Historic house in Ohio, United States

The James Brooks House is a historic house in downtown Dayton, Ohio, United States. Built in the 1830s and significantly modified later in the century, it was named a historic site in the 1970s.

The Brooks House is a stone building with a brick foundation, an asphalt roof, and additional elements of stone and iron. Its basic plan is a simple rectangle, two stories tall, with an exposed basement. Additional rooms are created by a rear extension that was formed by walling up a large two-story veranda. The facade is three bays wide, with windows in the central and eastern bays of all three floors; the western bay is occupied by a window (second story) and the main entrance (first story), while the western bay of the basement is blocked by a small staircase. Pilasters with Ionic capitals separate the second-story windows, while no comparable ornament is present below. A shallow hip roof covers the building, pierced by chimneys on either side, while its overhang permits room for a cornice composed of large bracket. The sides are noticeably plainer, with the most prominent element of the western side being a simple fire escape.

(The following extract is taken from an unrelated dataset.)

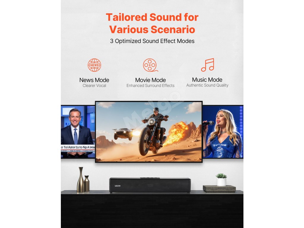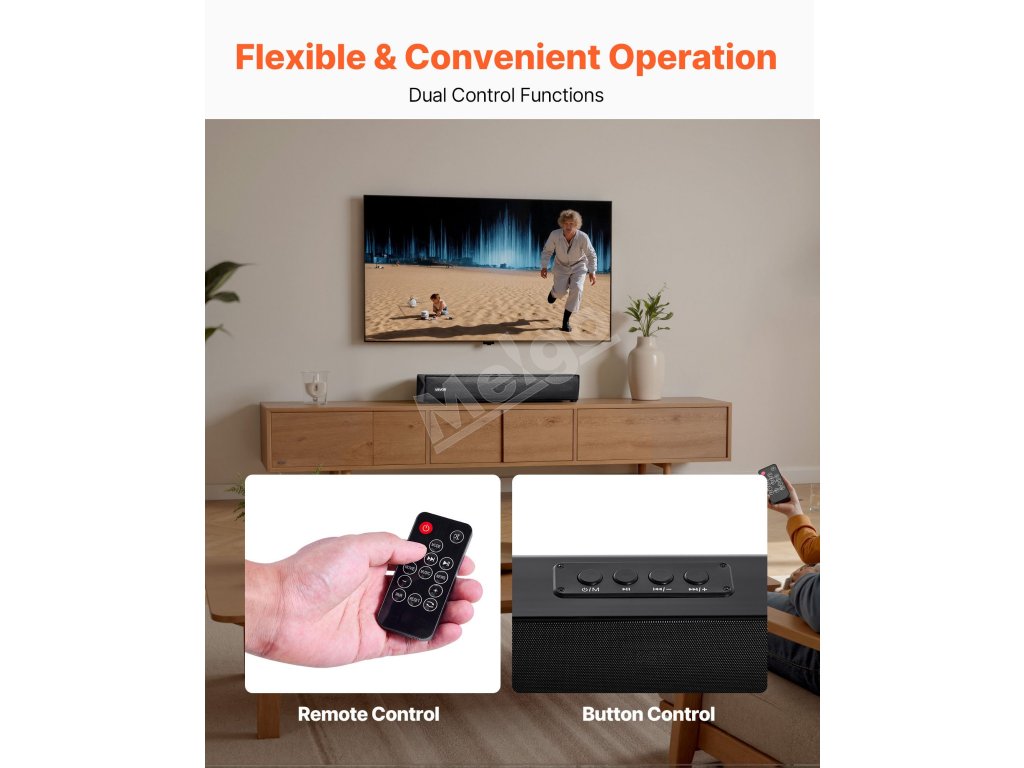 Soundbar s rozhraním Bluetooth poskytuje viacero možností inštalácie, hodí sa na stôl aj na stenu, aby sa prispôsobil vášmu priestoru. Či už je namontovaný na stene alebo umiestnený na televíznom stojane, elegantne zapadne do interiéru, čím šetrí miesto a zároveň zlepšuje vzhľad vašej miestnosti.

The house's early history is rather enigmatic. It was built for English immigrant Thomas Clegg, a small-scale industrialist who owned Dayton's first iron and brass foundries, although the precise date is uncertain; a stone building was constructed on the present house's site in 1831, and while this may be the present house, it might not have been constructed until the following year. Montgomery County tax records are also inconclusive: they prove that Clegg never owned the property, nor paid taxes on it, but they fail to identify the owner of the property when the house was built. While the original design was clearly Greek Revival in style, renovations in the middle of the nineteenth century included modifications to the cornice and other changes that together produced an appearance typical of the Victorian era.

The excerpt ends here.